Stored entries

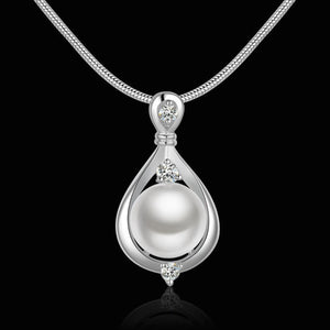 Fashion Crystal Long Chain Necklace Rhinestone Drop Simulated Pearl Pendant Necklace For Women Jewelry Accessories
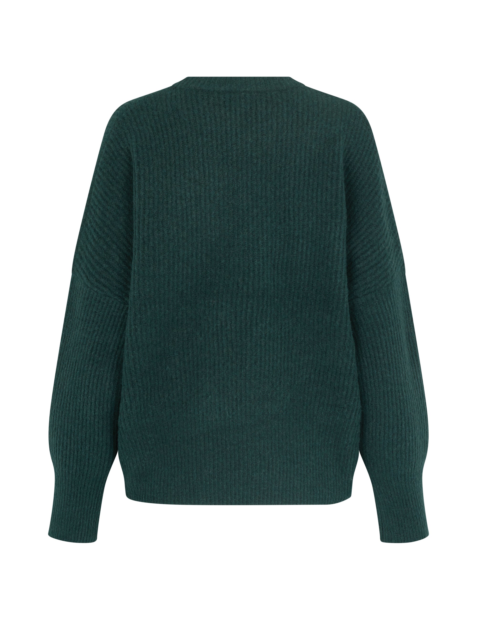 Strickpullover mit Rundhalsausschnitt und überschnittenen Schultern.
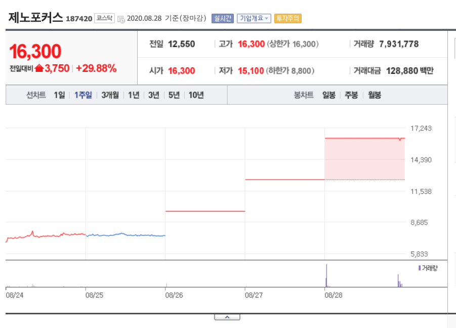 코로나 이슈가 주식시장을 덮은 후 무작정 하락하기만 했던 주식 시장은 코로나 테마주를 형성하며 일정 부분 상성을 주도하고 있습니다. 시간의 흐름에 따라서 코로나라는 거대한 이슈에 시장이 적응을 한 것 같습니다. 제노포커스도 그중 하나인 것 같습니다. 8월 26일 진단키트에 사용되는 필수 효소를 개발했다는 소식에 강세를 보이고 있네요.
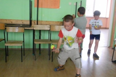 Za aktywny udział w zajęciach tego dnia wszystkie dzieci otrzymały skromne nagrody (piłki i kolorowe opaski na rękę).
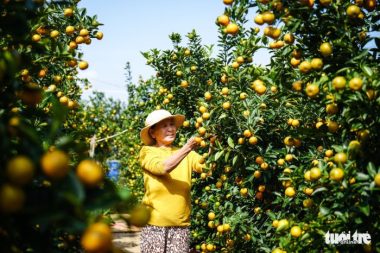Năm nay nhà vườn trồng quất Tết tại TP Hội An, Quảng Nam, phấn khởi vì quất được giá cao, thương lái chốt bao tiêu sớm ngay tại vườn để chuyển đi các tỉnh Tây Nguyên và Bắc Trung Bộ. Bà Võ Thị Lại (62...
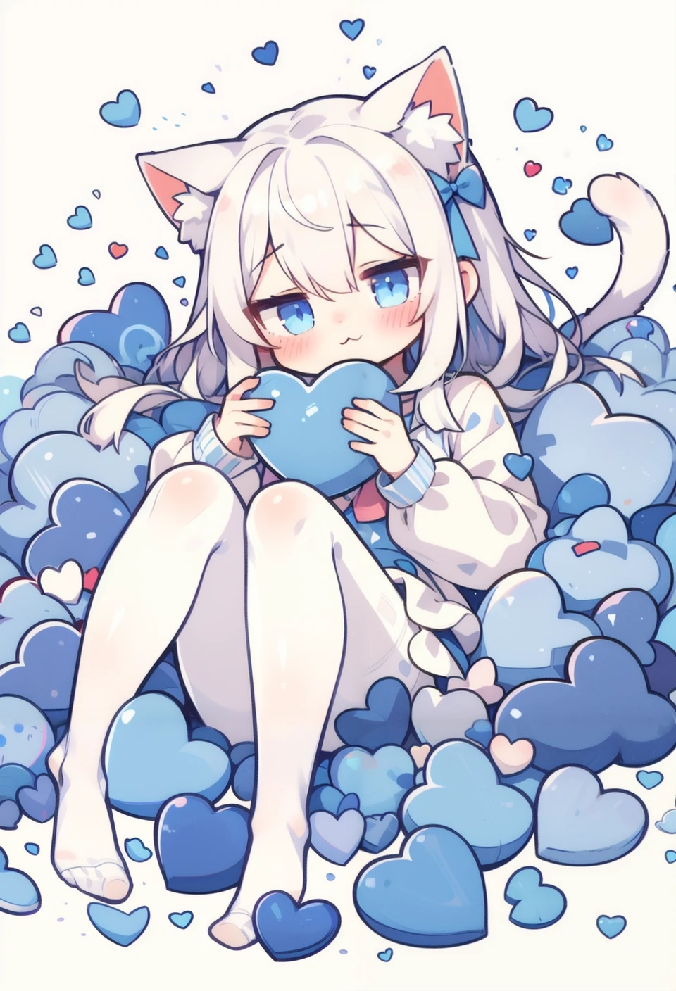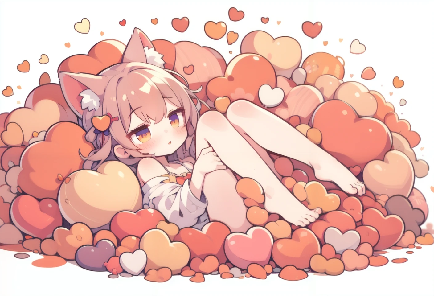 たくさんのハートの中にキャラクターがいるイラストを生成するLoRAです。

Task directions = Please transcribe exactly the lines from the one containing "Năm nay nhà" through the final line of the data, including both, and nothing else. Pictures are to be left out.

Result =
Năm nay nhà vườn trồng quất Tết tại TP Hội An, Quảng Nam, phấn khởi vì quất được giá cao, thương lái chốt bao tiêu sớm ngay tại vườn để chuyển đi các tỉnh Tây Nguyên và Bắc Trung Bộ. Bà Võ Thị Lại (62...
 たくさんのハートの中にキャラクターがいるイラストを生成するLoRAです。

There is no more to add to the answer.